Your objective
Could the records below please be retyped exactly, with their pictures left out?

##### Exercise inputs #####

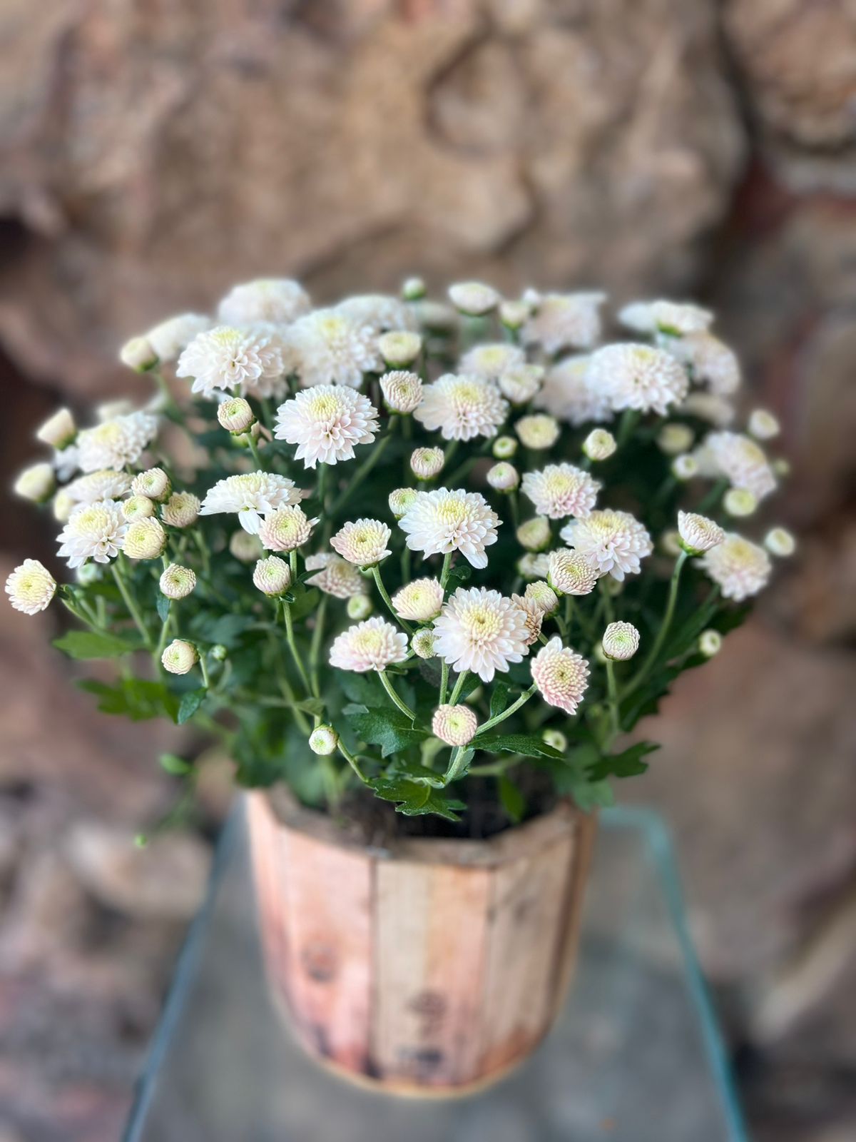 Vaso delicado e alegre da Mini Bola Belga pote 11, ela é uma das muitas espécies de crisântemos, que podem ser encontradas em várias cores (branca, amarela, lilás, grená, etc.)
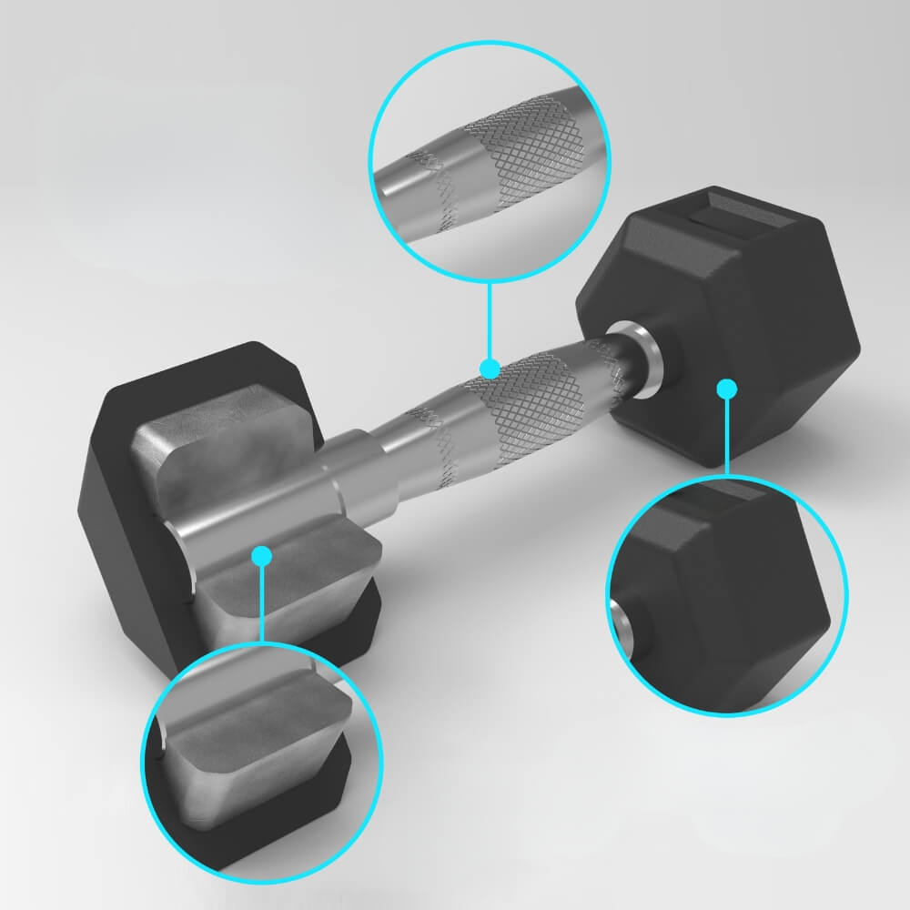 Díky šestihrannému tvaru závaží zůstává činka při odložení na svém místě. Činky Hexclusive jsou perfektní jak pro funkční trénink, tak pro rychlé supersety, kde nechcete ztrácet čas hledáním výbavy po celé posilovně.Technický popis:
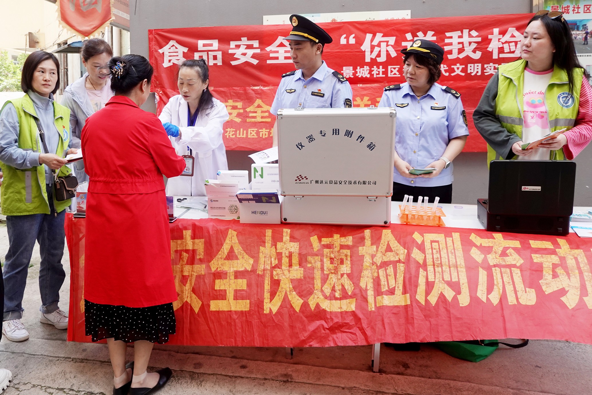 5月13日,安徽省馬鞍山市花山區(qū)桃源路街道景城社區(qū)聯(lián)合花山區(qū)市場監(jiān)督管理局桃源所,在師苑市場開展食品安全“你送我檢”活動,免費為群眾提供食品安全快速檢測服務(wù)。
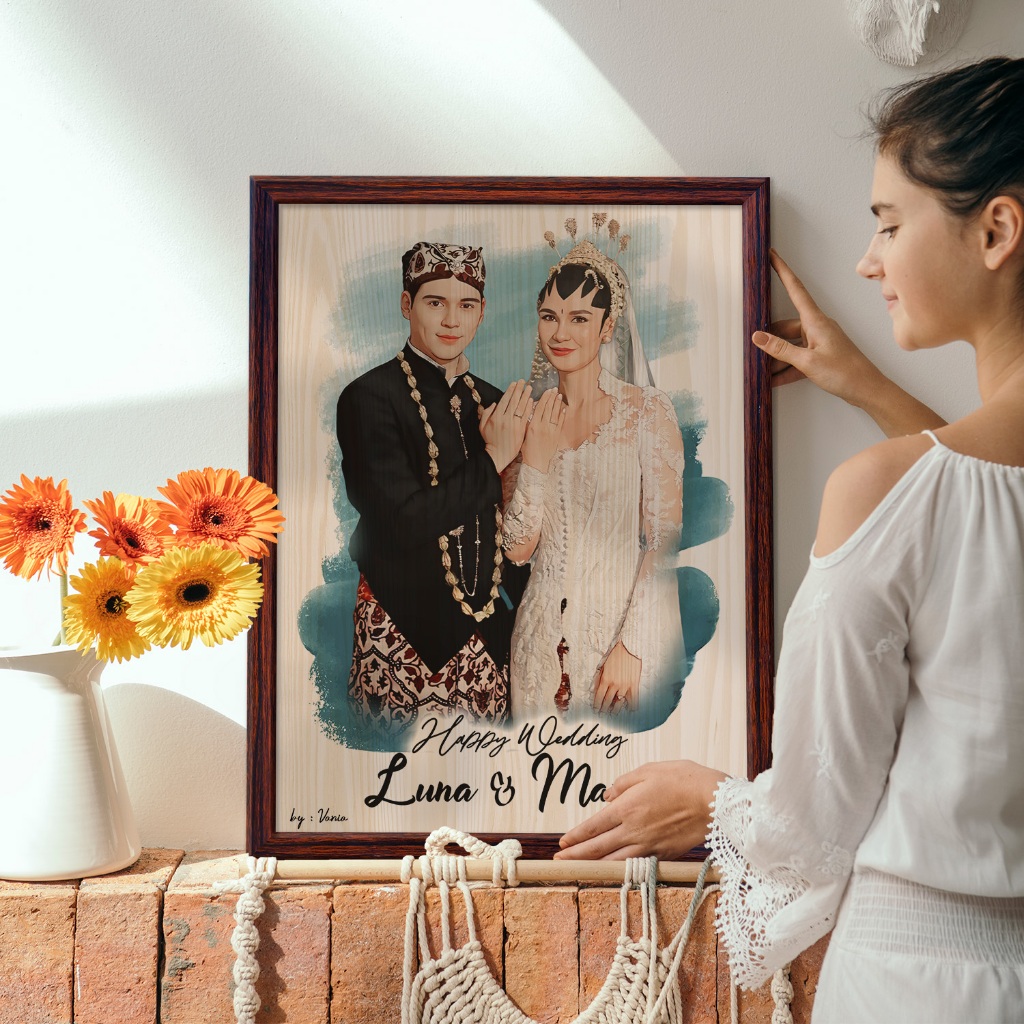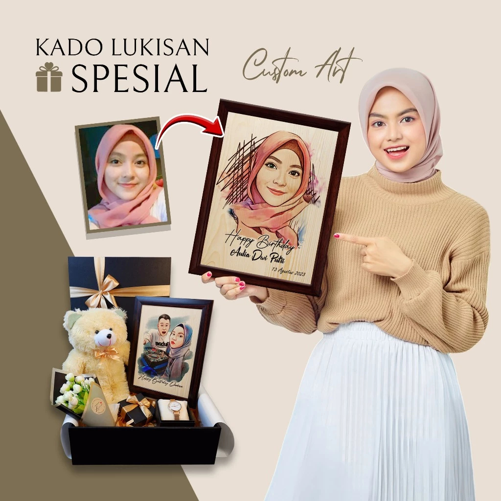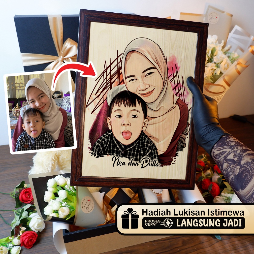 Paket kado Unik Lukisan Mengenang untuk Hadiah Nikahan / ulang Tahun / Wisuda
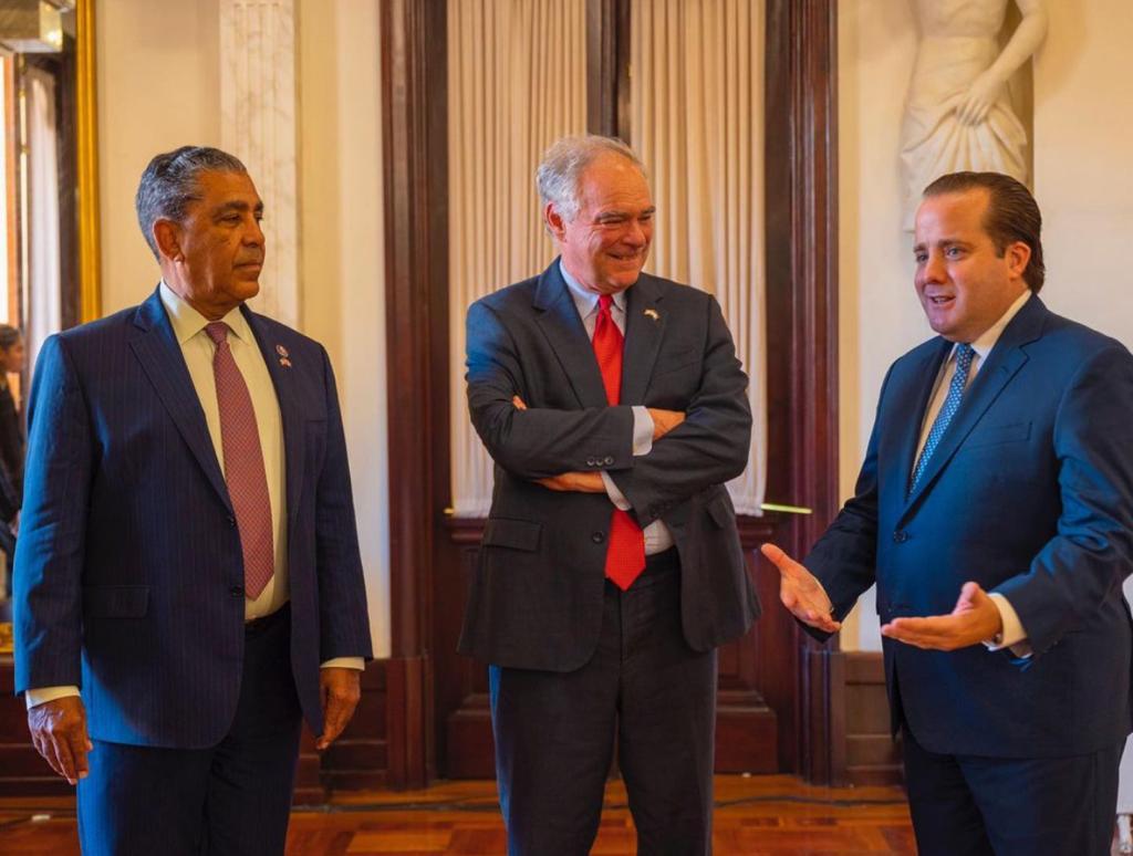 El senador Tim Kaine (D-VA), miembro del Comité de Relaciones Exteriores del Senado (SFRC) y presidente del Subcomité sobre Hemisferio Occidental, Crimen Transnacional, Seguridad Civil, Democracia, Derechos Humanos y Asuntos Globales de la Mujer, concluyeron una semana de viaje por Costa Rica, Panamá y la República Dominicana, que son todos miembros fundadores de la Alianza para el Desarrollo A lo largo de sus visitas, los legisladores expresaron su apoyo y aprecio por la formación de la ADD por parte de los países el año pasado, que se centra en el fortalecimiento de la democracia y la promoción del crecimiento económico entre sus naciones.

#####

Response area
 Vaso delicado e alegre da Mini Bola Belga pote 11, ela é uma das muitas espécies de crisântemos, que podem ser encontradas em várias cores (branca, amarela, lilás, grená, etc.)
 Díky šestihrannému tvaru závaží zůstává činka při odložení na svém místě. Činky Hexclusive jsou perfektní jak pro funkční trénink, tak pro rychlé supersety, kde nechcete ztrácet čas hledáním výbavy po celé posilovně.Technický popis:
 5月13日,安徽省馬鞍山市花山區(qū)桃源路街道景城社區(qū)聯(lián)合花山區(qū)市場監(jiān)督管理局桃源所,在師苑市場開展食品安全“你送我檢”活動,免費為群眾提供食品安全快速檢測服務(wù)。
 Paket kado Unik Lukisan Mengenang untuk Hadiah Nikahan / ulang Tahun / Wisuda
 El senador Tim Kaine (D-VA), miembro del Comité de Relaciones Exteriores del Senado (SFRC) y presidente del Subcomité sobre Hemisferio Occidental, Crimen Transnacional, Seguridad Civil, Democracia, Derechos Humanos y Asuntos Globales de la Mujer, concluyeron una semana de viaje por Costa Rica, Panamá y la República Dominicana, que son todos miembros fundadores de la Alianza para el Desarrollo A lo largo de sus visitas, los legisladores expresaron su apoyo y aprecio por la formación de la ADD por parte de los países el año pasado, que se centra en el fortalecimiento de la democracia y la promoción del crecimiento económico entre sus naciones.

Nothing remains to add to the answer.